#### Activity:
Transcribe the entries exactly; images are not part of the copy.

[Excerpts from a dataset]
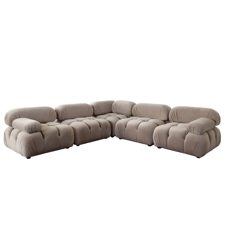 • Benjara Hito 5 Piece Modular Sectional L Sofa Set, Tan Brown Bubble Grid Tufting image - 1
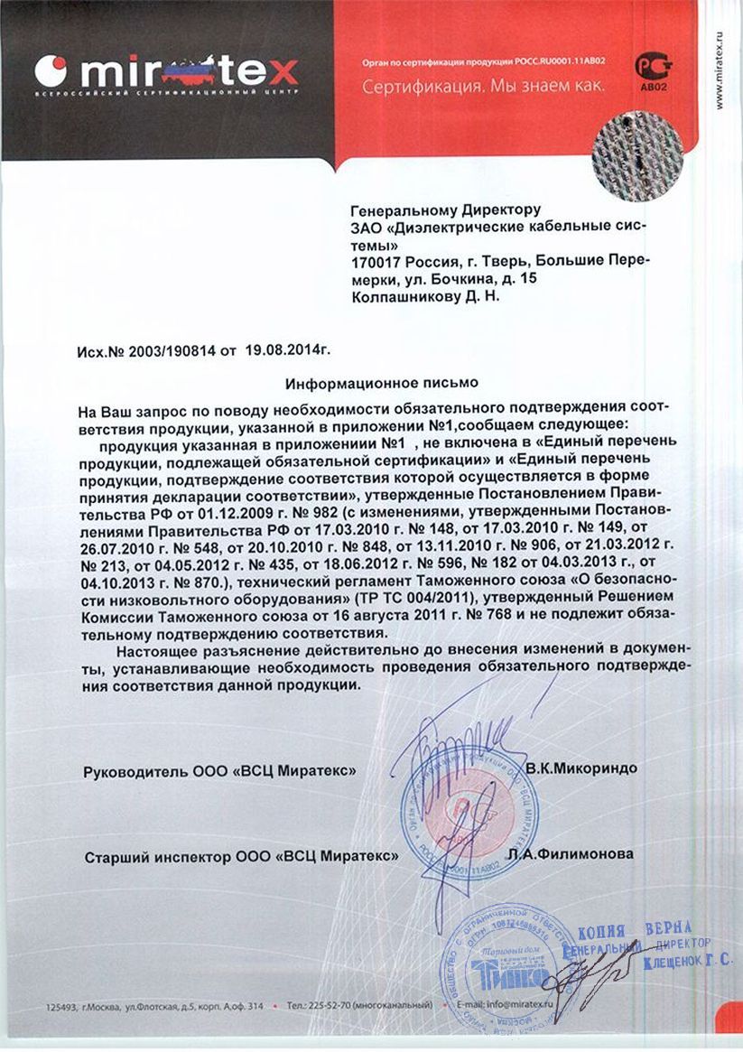 Сертификат FC-S2-9-LC/UR-SC/UR-H-10M-LSZH-YL
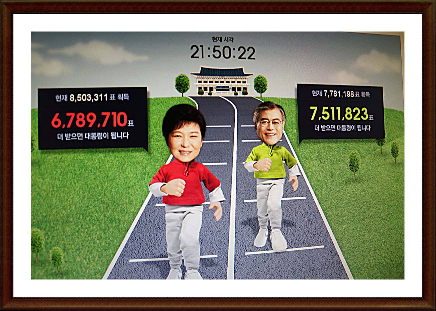 축하 드립니다.유세장의최종 모습과 모 방송사의코믹 개표실황을 담는다
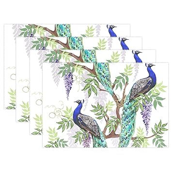 Amazon Com Animal Peacock Flower Home Plate Mat Table Mats Set Of
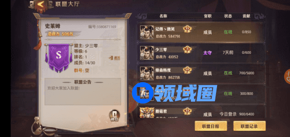 简单来说就是联盟排行榜,盟主位居榜首,当然看不惯盟主,也可以花点银子弹劾他,毕竟没有氪金办不到的事,如果有,那就是氪金不够,这里会显示玩家ID、官职、状态和贡献,鄙视链就此诞生,玩法要领:要想人前显贵,必定钱包大开。
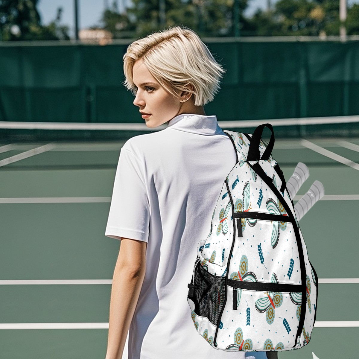Multifunctional Pickleball Bag,Large Capacity Sports Pickleball Racket Bag, Water Bottle Holder and Fence Hook,Suitable for Both Men Women -Butterflies And Leaves
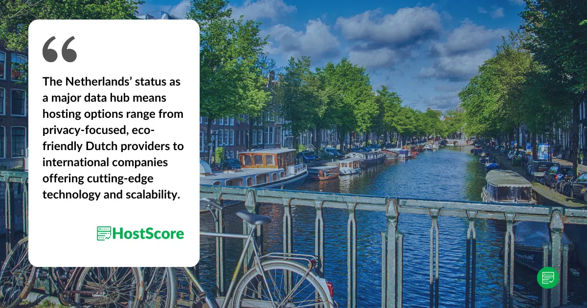 A Holanda é um dos destinos de hospedagem mais importantes da Europa, conhecido por sua infraestrutura robusta e compromisso com a sustentabilidade. O país abriga grandes provedores de nuvem e centros de colocation – mais da metade dos provedores de hospedagem que analisamos aqui. HostScore.net possuir pelo menos um data center no país – o que o torna uma escolha atraente para empresas que precisam de soluções de hospedagem confiáveis.
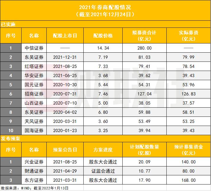 除中信证券外,2020年以来,以配股方式再融资的券商已有12家(共13次),合计配股募资金额为1155.52亿元。中信证券配股实施完成后,还有东方证券、财通证券、兴业证券等3家券商配股案仍在途。

#### Task answer:
 • Benjara Hito 5 Piece Modular Sectional L Sofa Set, Tan Brown Bubble Grid Tufting image - 1
 Сертификат FC-S2-9-LC/UR-SC/UR-H-10M-LSZH-YL
 축하 드립니다.유세장의최종 모습과 모 방송사의코믹 개표실황을 담는다
 Amazon Com Animal Peacock Flower Home Plate Mat Table Mats Set Of
 简单来说就是联盟排行榜,盟主位居榜首,当然看不惯盟主,也可以花点银子弹劾他,毕竟没有氪金办不到的事,如果有,那就是氪金不够,这里会显示玩家ID、官职、状态和贡献,鄙视链就此诞生,玩法要领:要想人前显贵,必定钱包大开。
Multifunctional Pickleball Bag,Large Capacity Sports Pickleball Racket Bag, Water Bottle Holder and Fence Hook,Suitable for Both Men Women -Butterflies And Leaves
 A Holanda é um dos destinos de hospedagem mais importantes da Europa, conhecido por sua infraestrutura robusta e compromisso com a sustentabilidade. O país abriga grandes provedores de nuvem e centros de colocation – mais da metade dos provedores de hospedagem que analisamos aqui. HostScore.net possuir pelo menos um data center no país – o que o torna uma escolha atraente para empresas que precisam de soluções de hospedagem confiáveis.
 除中信证券外,2020年以来,以配股方式再融资的券商已有12家(共13次),合计配股募资金额为1155.52亿元。中信证券配股实施完成后,还有东方证券、财通证券、兴业证券等3家券商配股案仍在途。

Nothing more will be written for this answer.